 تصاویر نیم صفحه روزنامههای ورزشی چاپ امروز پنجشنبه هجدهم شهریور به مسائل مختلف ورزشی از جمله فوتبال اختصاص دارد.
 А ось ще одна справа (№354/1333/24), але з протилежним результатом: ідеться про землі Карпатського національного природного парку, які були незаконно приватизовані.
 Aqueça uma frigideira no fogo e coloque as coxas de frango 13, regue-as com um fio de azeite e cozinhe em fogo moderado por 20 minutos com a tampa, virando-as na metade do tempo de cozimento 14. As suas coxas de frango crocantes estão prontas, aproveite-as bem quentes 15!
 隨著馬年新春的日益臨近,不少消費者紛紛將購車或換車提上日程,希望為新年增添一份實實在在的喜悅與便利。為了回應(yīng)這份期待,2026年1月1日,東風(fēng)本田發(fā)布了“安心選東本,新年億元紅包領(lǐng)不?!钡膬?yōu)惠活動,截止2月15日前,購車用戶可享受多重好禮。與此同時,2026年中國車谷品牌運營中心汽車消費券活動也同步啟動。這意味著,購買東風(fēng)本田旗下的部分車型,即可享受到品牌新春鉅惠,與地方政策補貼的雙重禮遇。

◇ ◇ ◇ ◇

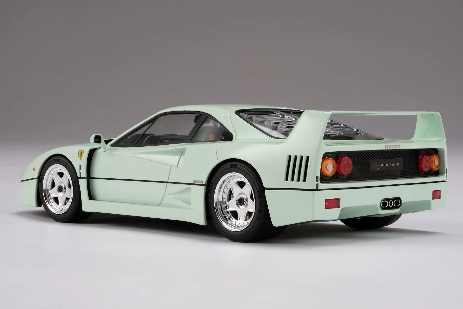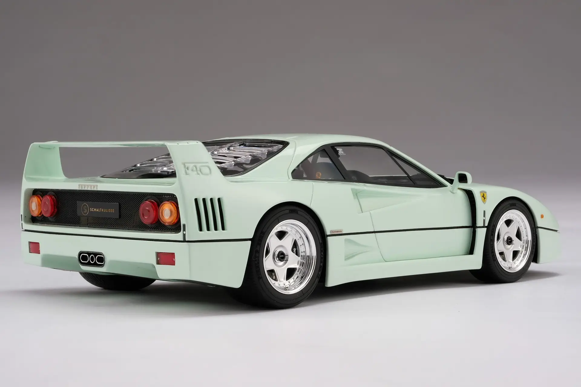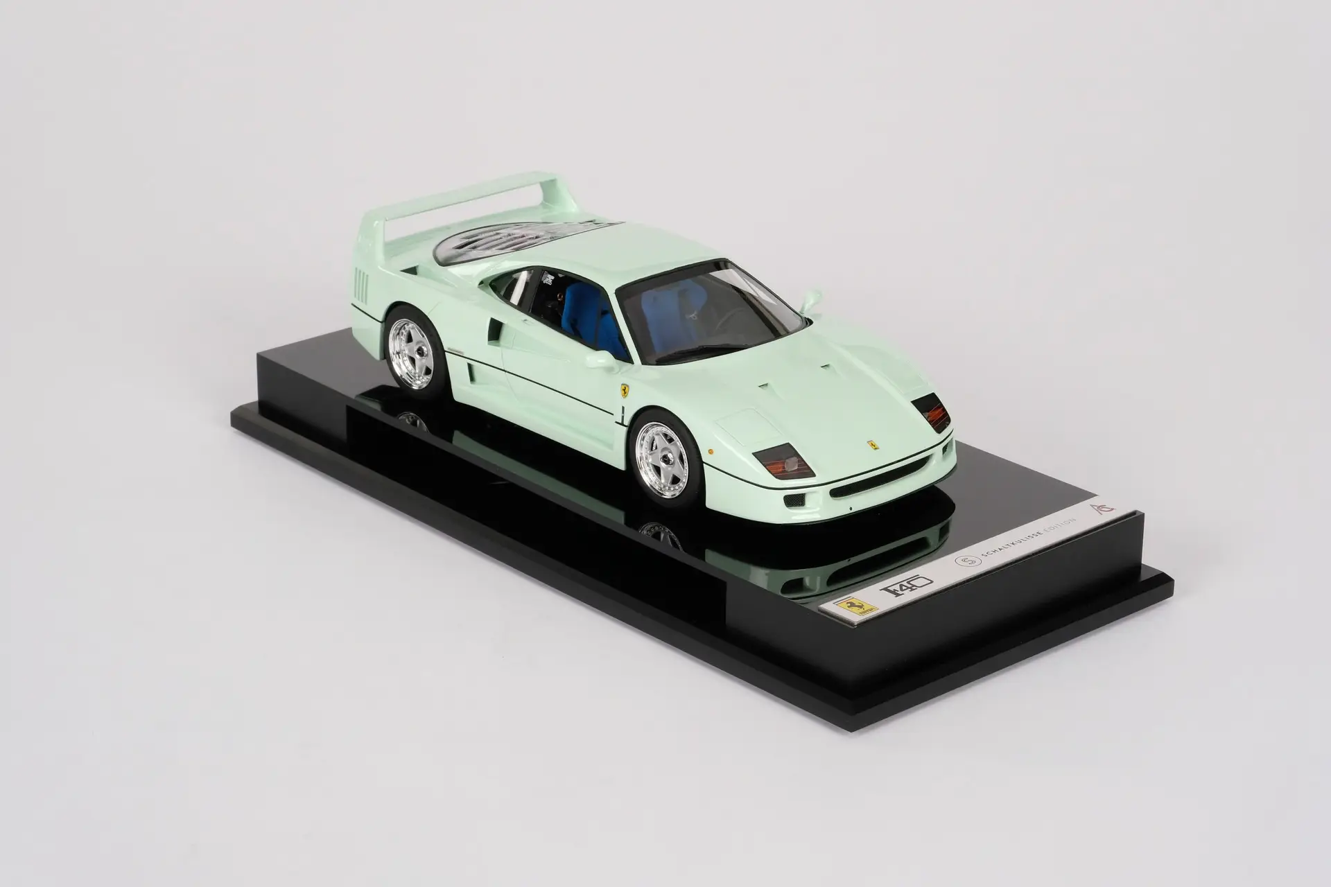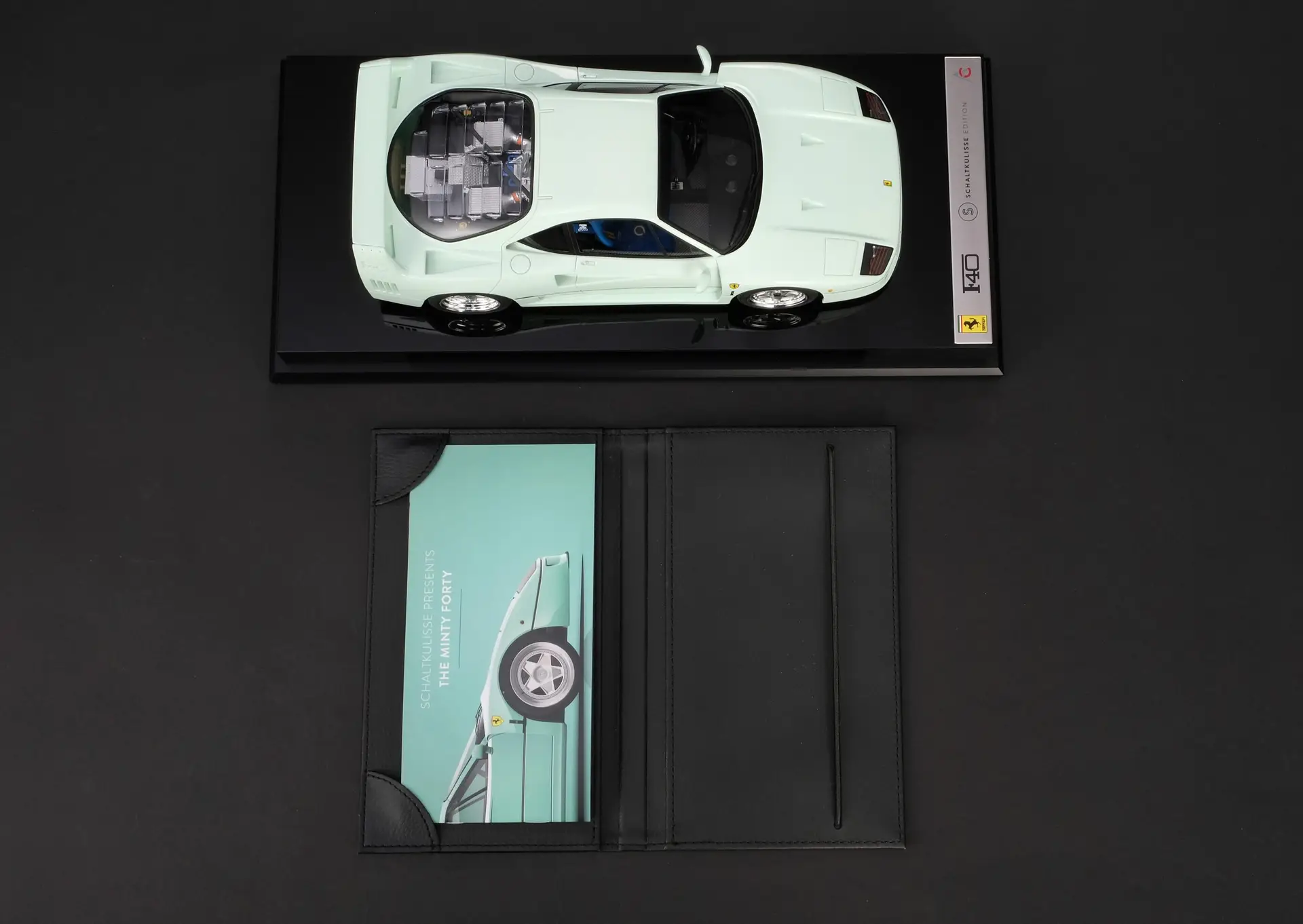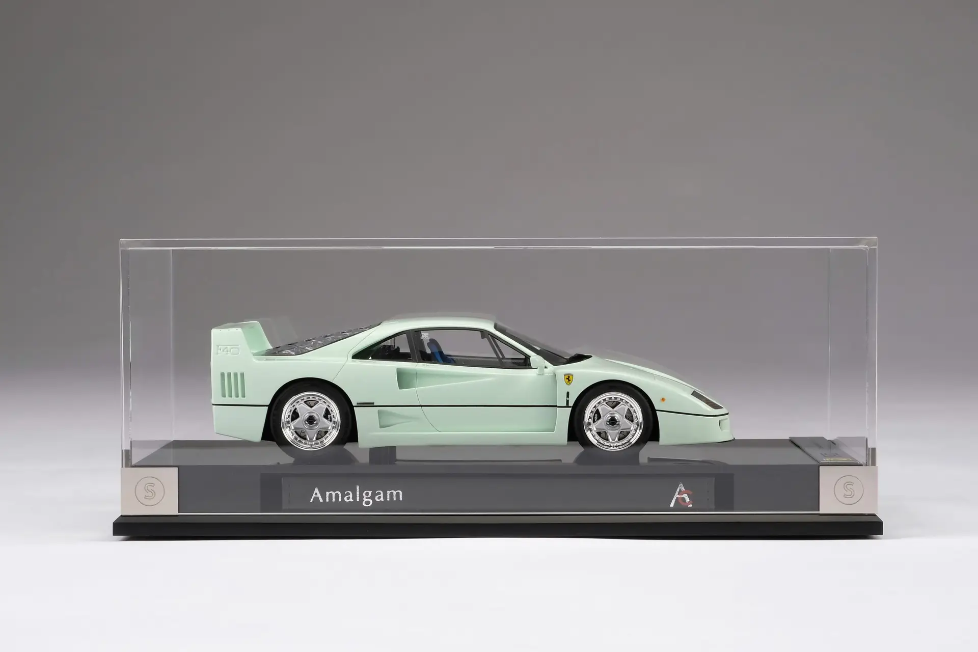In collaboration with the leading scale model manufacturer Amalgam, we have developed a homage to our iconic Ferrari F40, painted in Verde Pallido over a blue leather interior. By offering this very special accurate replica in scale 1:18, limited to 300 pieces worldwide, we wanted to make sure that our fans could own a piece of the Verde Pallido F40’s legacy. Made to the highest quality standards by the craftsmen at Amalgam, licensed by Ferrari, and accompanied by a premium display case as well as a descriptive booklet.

◇ ◇ ◇ ◇

The required output is the stretch of entries above from the line containing "تصاویر نیم صفحه" through the line containing "隨著馬年新春的日益臨近,不少", reproduced exactly.

## Completed exercise
 تصاویر نیم صفحه روزنامههای ورزشی چاپ امروز پنجشنبه هجدهم شهریور به مسائل مختلف ورزشی از جمله فوتبال اختصاص دارد.
 А ось ще одна справа (№354/1333/24), але з протилежним результатом: ідеться про землі Карпатського національного природного парку, які були незаконно приватизовані.
 Aqueça uma frigideira no fogo e coloque as coxas de frango 13, regue-as com um fio de azeite e cozinhe em fogo moderado por 20 minutos com a tampa, virando-as na metade do tempo de cozimento 14. As suas coxas de frango crocantes estão prontas, aproveite-as bem quentes 15!
 隨著馬年新春的日益臨近,不少消費者紛紛將購車或換車提上日程,希望為新年增添一份實實在在的喜悅與便利。為了回應(yīng)這份期待,2026年1月1日,東風(fēng)本田發(fā)布了“安心選東本,新年億元紅包領(lǐng)不?!钡膬?yōu)惠活動,截止2月15日前,購車用戶可享受多重好禮。與此同時,2026年中國車谷品牌運營中心汽車消費券活動也同步啟動。這意味著,購買東風(fēng)本田旗下的部分車型,即可享受到品牌新春鉅惠,與地方政策補貼的雙重禮遇。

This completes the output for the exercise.